§ **ABOUT THIS TASK**
What is needed here is each entry reproduced exactly, without its pictures.

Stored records
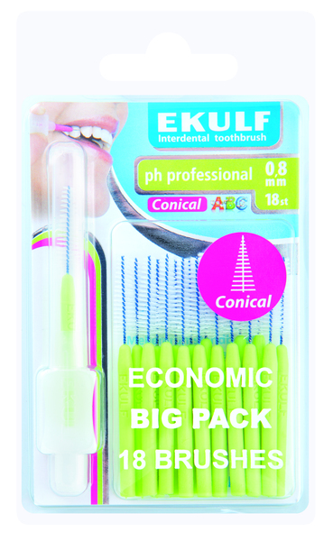 Ekulf pH professional mellanrumstandborste har 400-1000 små, fina och tunna borststrån och en rostfri, plastbelagd ståltråd som skyddar tänderna. Levereras med 18 st borstar i varje förpackning tillsammans med en skyddshylsa samt greppförstorare.
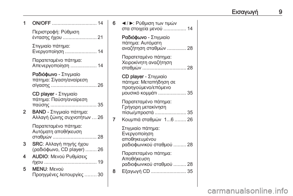 10ΕισαγωγήΧειριστήρια συστήματος Ιnfotainment - Ραδιόφωνο με CD player / MP3 player
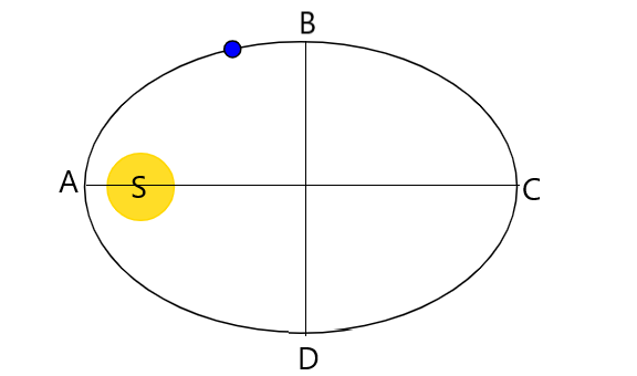 As we know that all objects including planets are attracted to each other by a force of gravity. So, in our case we have earth and sun and earth is moving in an elliptical orbit with the sun S at one of the foci.
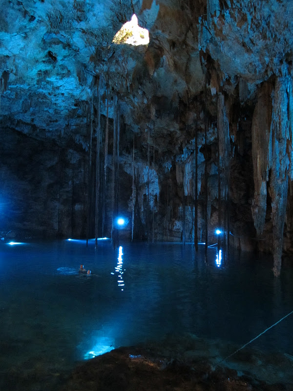 We then packed back into the car. Two more cenotes are right outside of town…about 2 miles away. Cenote Dzitnup or Xkeken and Cenote Samulla. They are doing some SERIOUS build up for these spots right now. HUGE tour bus parking lots, lots of bathroom facilities. Lots of people selling things, lots of annoying hustler kids that should be in school. Kids that get angry when you don´t tip them for ¨watching the car¨. Each cenote´s entrance fee is $52 pesos. They were cool (stop by in the morning when the light is shining through the hole)…but I would imagine that very quickly they are going to be overwhelmed with people. Plus, the multi-colored light show seems a bit over the top. I could have skipped this stop.
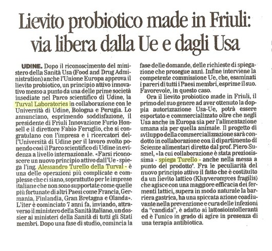 - 28-10-2007 Probiotic yeast made in Friuli: the all clear from the European Union and the Usa / Lievito probiotico made in Friuli: via libera dalla Ue e dagli Usa.
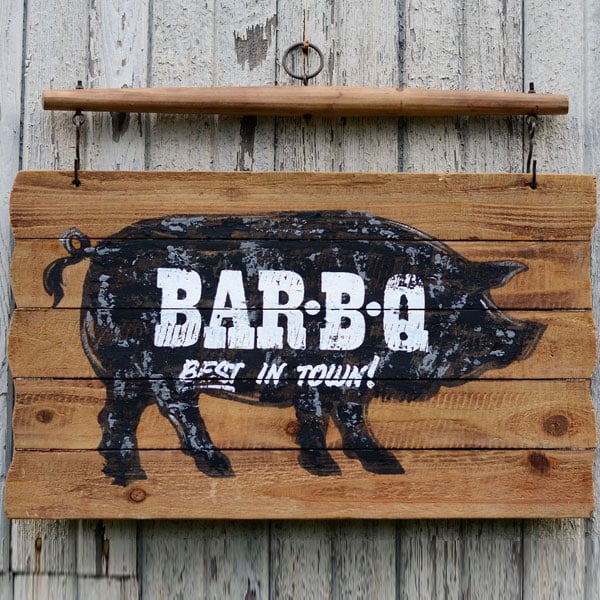 Our vintage style Southern BBQ Pig Sign is inspired by the amazing antique signs that can be found at barbecue eateries throughout the South. Ah we just love the large size and the authentic design!
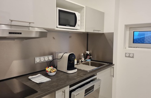 This 1-bedroom rental features a living room, a dining area, and a sofa bed. Connect to the free WiFi, or get cozy in front of the TV. Bathroom amenities include a hair dryer and towels. The kitchen is equipped with an oven, a stovetop, and a refrigerator, as well as a coffee maker, an electric kettle, and a microwave. And there's access to laundry facilities, so you can even pack a bit lighter. Other amenities include bed sheets, an ironing board, soundproofing, and heating.
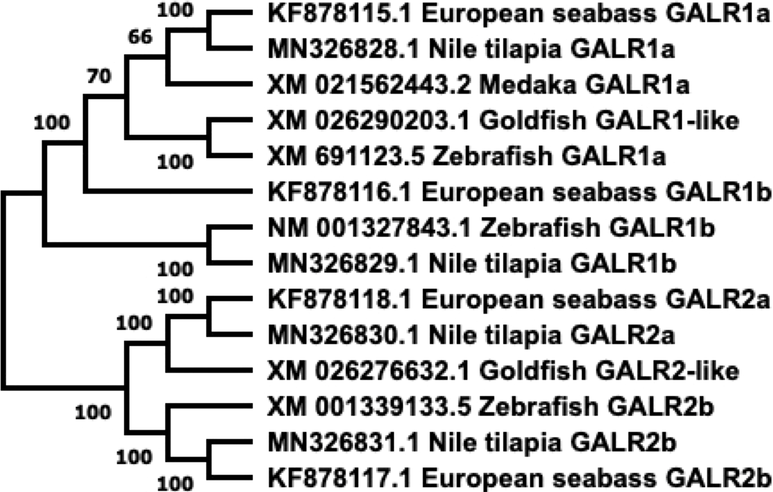 Phylogenetic tree of GALRs present in fish. Sequences obtained from GenBank. Phylogenetic construction was done in MEGA X, using the Neighbor-Joining method. The percentage of the sequences clustered together is shown on the branches, out of 1000 boots. GALR1 and GALR2 form distinct branches.
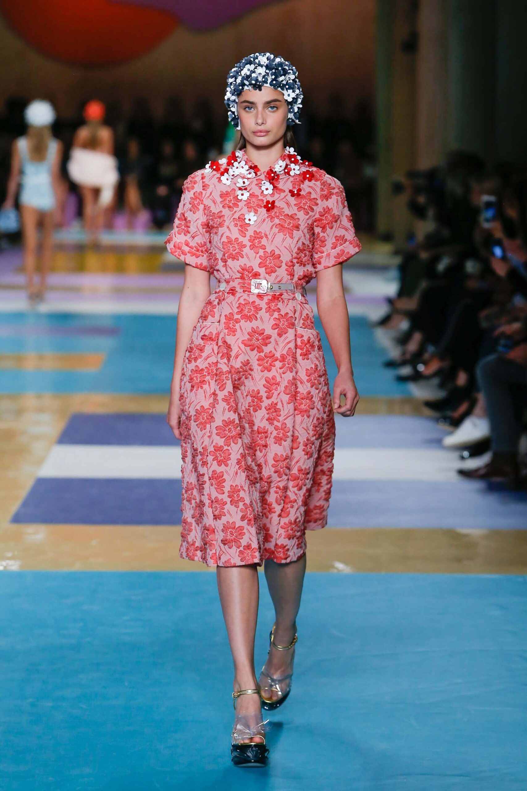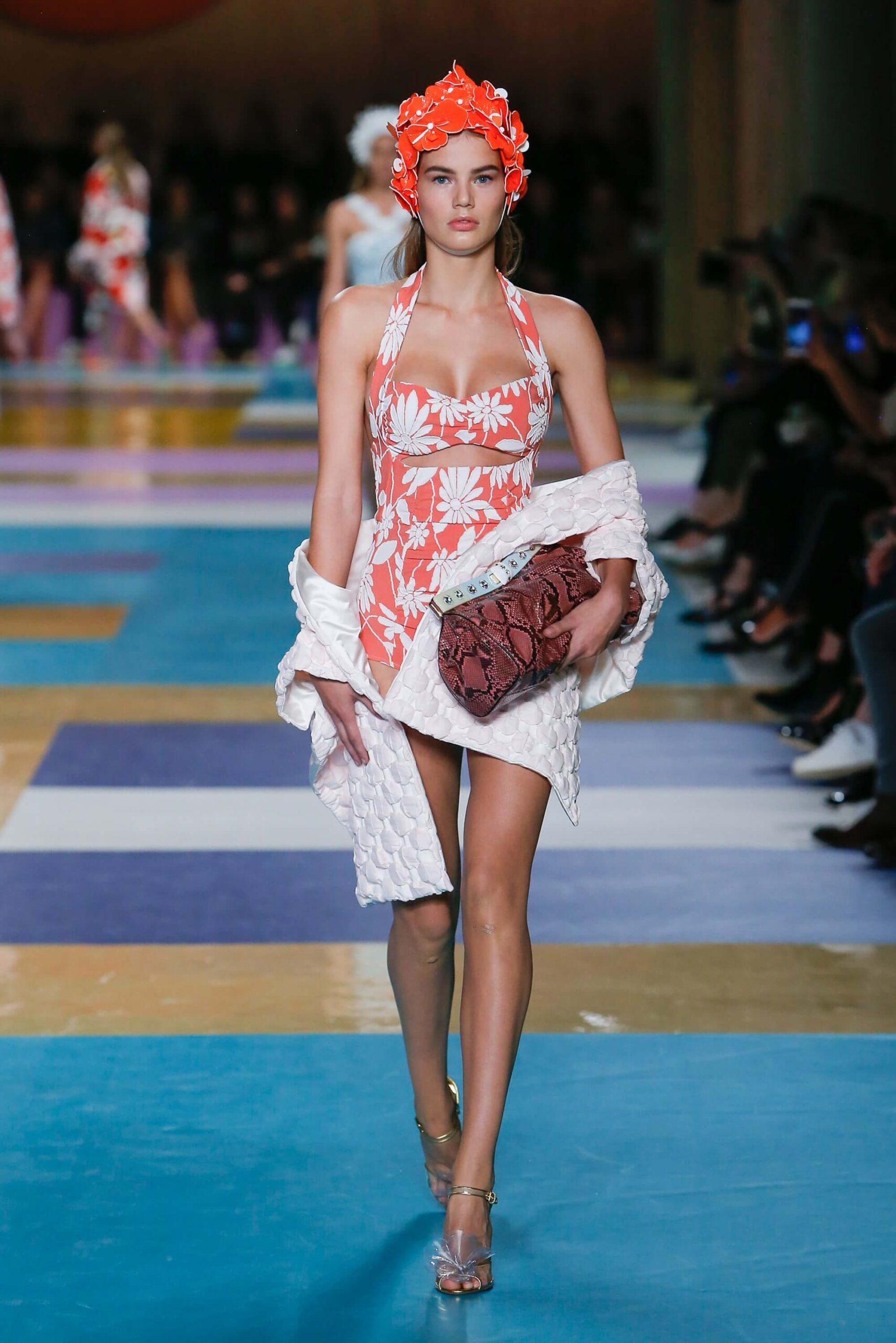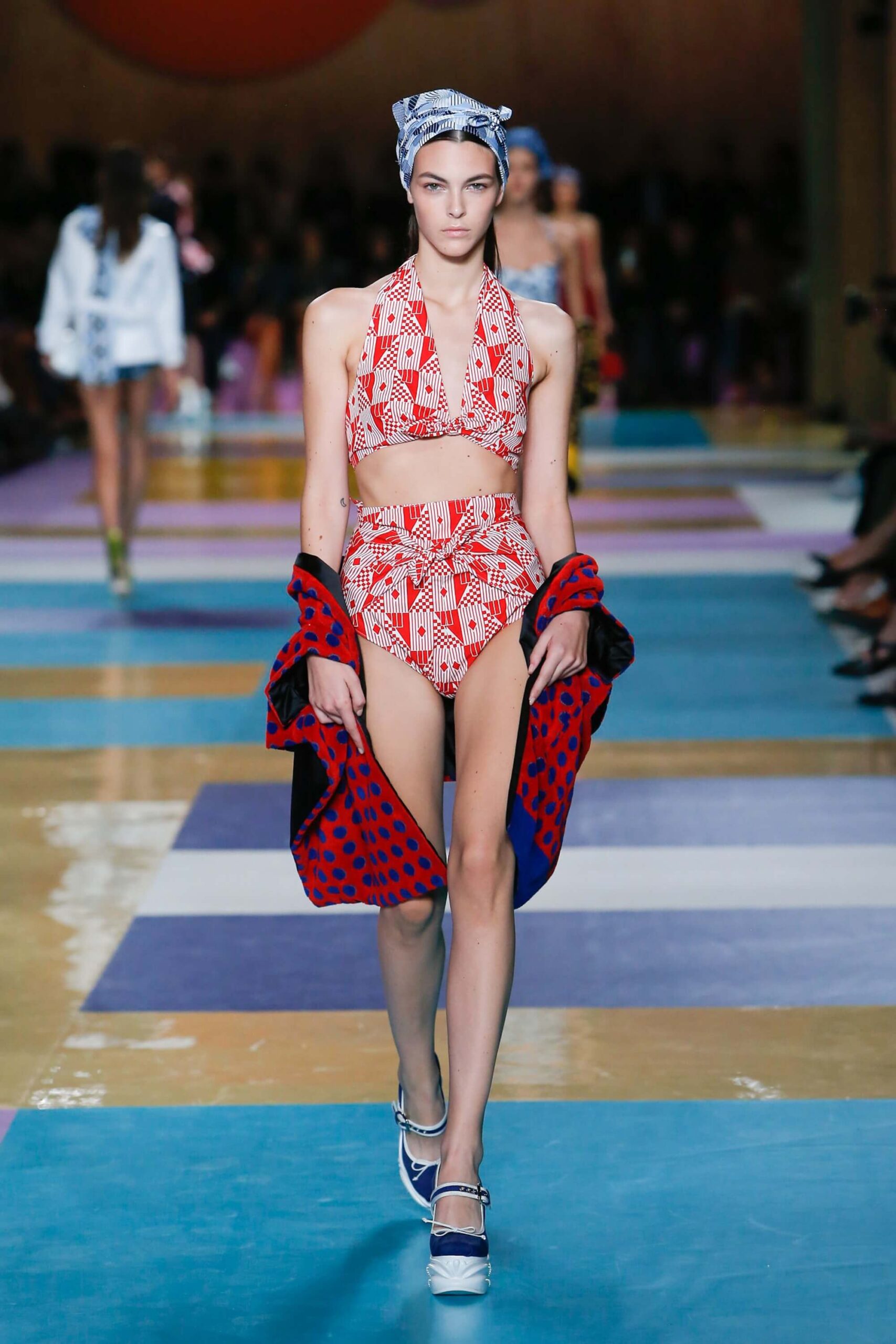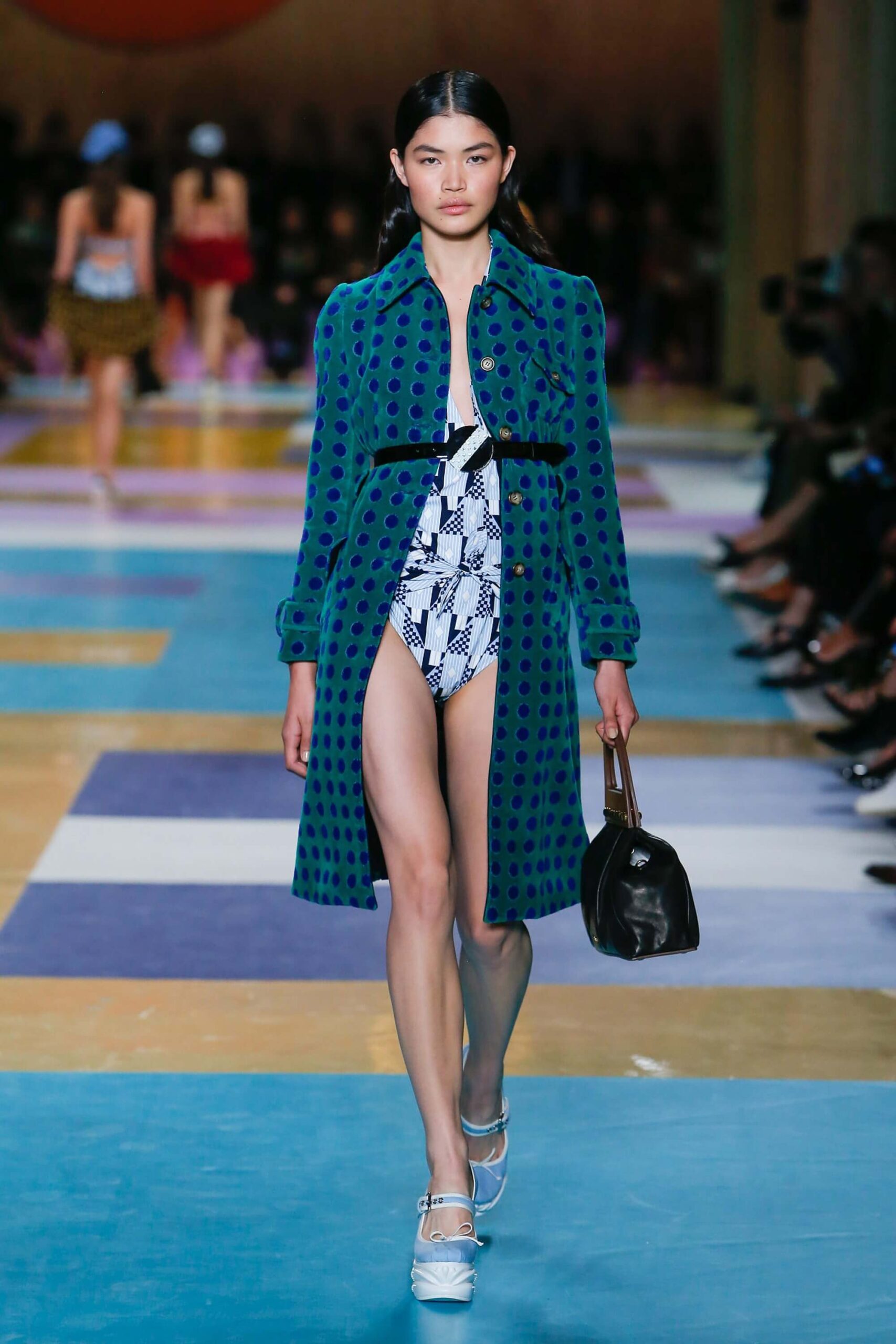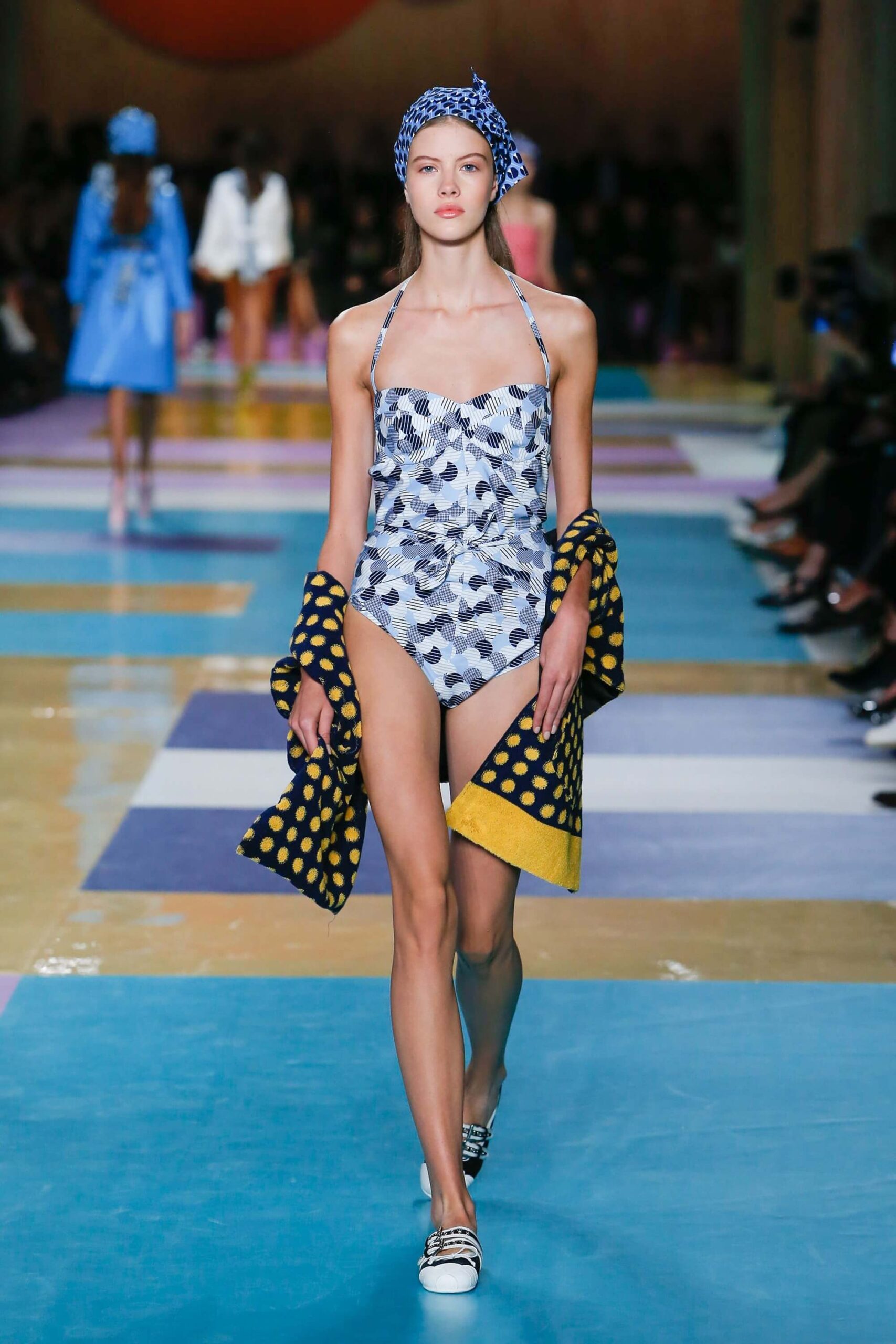 The Miu Miu crew took a trip to the beach. Well, it is Spring Summer. And so to the beach we went. Around us shapes decorated the plywood walls, a burnt orange circle burned bright and hot like the sun. Purples, whites and blues made up the clouds, a Miu Miu wonderland. And like any good wonderland it was vibrant and thrilling looking through this colour Kodachrome and this Polaroid film. It was a hot summer’s day at the beach, Miuccia style with sky blue patent leather coats and classic bold swirly ’70s printed day dresses. Bathing costumes and swimming hats like a Miu Miu synchronised swim team. It felt like an old school Hollywood pool party, or better still a Cinecitta one, so retro Rome yet something futuristic was happening. Gold platform sandals, optical prints and lozenges of ice cream colours. Totally hedonistic, good times, good vibes, high on colour and high on life. The Creatures oozed through the speakers, like a good golden honey: “Stranded on Venus sands.” There’s no better place to be stranded. This Miu Miu Wes-like wonderworld is where the magic happens.

§ **ANSWER TO THIS TASK**
 Ekulf pH professional mellanrumstandborste har 400-1000 små, fina och tunna borststrån och en rostfri, plastbelagd ståltråd som skyddar tänderna. Levereras med 18 st borstar i varje förpackning tillsammans med en skyddshylsa samt greppförstorare.
 10ΕισαγωγήΧειριστήρια συστήματος Ιnfotainment - Ραδιόφωνο με CD player / MP3 player
 As we know that all objects including planets are attracted to each other by a force of gravity. So, in our case we have earth and sun and earth is moving in an elliptical orbit with the sun S at one of the foci.
 We then packed back into the car. Two more cenotes are right outside of town…about 2 miles away. Cenote Dzitnup or Xkeken and Cenote Samulla. They are doing some SERIOUS build up for these spots right now. HUGE tour bus parking lots, lots of bathroom facilities. Lots of people selling things, lots of annoying hustler kids that should be in school. Kids that get angry when you don´t tip them for ¨watching the car¨. Each cenote´s entrance fee is $52 pesos. They were cool (stop by in the morning when the light is shining through the hole)…but I would imagine that very quickly they are going to be overwhelmed with people. Plus, the multi-colored light show seems a bit over the top. I could have skipped this stop.
 - 28-10-2007 Probiotic yeast made in Friuli: the all clear from the European Union and the Usa / Lievito probiotico made in Friuli: via libera dalla Ue e dagli Usa.
 Our vintage style Southern BBQ Pig Sign is inspired by the amazing antique signs that can be found at barbecue eateries throughout the South. Ah we just love the large size and the authentic design!
 This 1-bedroom rental features a living room, a dining area, and a sofa bed. Connect to the free WiFi, or get cozy in front of the TV. Bathroom amenities include a hair dryer and towels. The kitchen is equipped with an oven, a stovetop, and a refrigerator, as well as a coffee maker, an electric kettle, and a microwave. And there's access to laundry facilities, so you can even pack a bit lighter. Other amenities include bed sheets, an ironing board, soundproofing, and heating.
 Phylogenetic tree of GALRs present in fish. Sequences obtained from GenBank. Phylogenetic construction was done in MEGA X, using the Neighbor-Joining method. The percentage of the sequences clustered together is shown on the branches, out of 1000 boots. GALR1 and GALR2 form distinct branches.
 The Miu Miu crew took a trip to the beach. Well, it is Spring Summer. And so to the beach we went. Around us shapes decorated the plywood walls, a burnt orange circle burned bright and hot like the sun. Purples, whites and blues made up the clouds, a Miu Miu wonderland. And like any good wonderland it was vibrant and thrilling looking through this colour Kodachrome and this Polaroid film. It was a hot summer’s day at the beach, Miuccia style with sky blue patent leather coats and classic bold swirly ’70s printed day dresses. Bathing costumes and swimming hats like a Miu Miu synchronised swim team. It felt like an old school Hollywood pool party, or better still a Cinecitta one, so retro Rome yet something futuristic was happening. Gold platform sandals, optical prints and lozenges of ice cream colours. Totally hedonistic, good times, good vibes, high on colour and high on life. The Creatures oozed through the speakers, like a good golden honey: “Stranded on Venus sands.” There’s no better place to be stranded. This Miu Miu Wes-like wonderworld is where the magic happens.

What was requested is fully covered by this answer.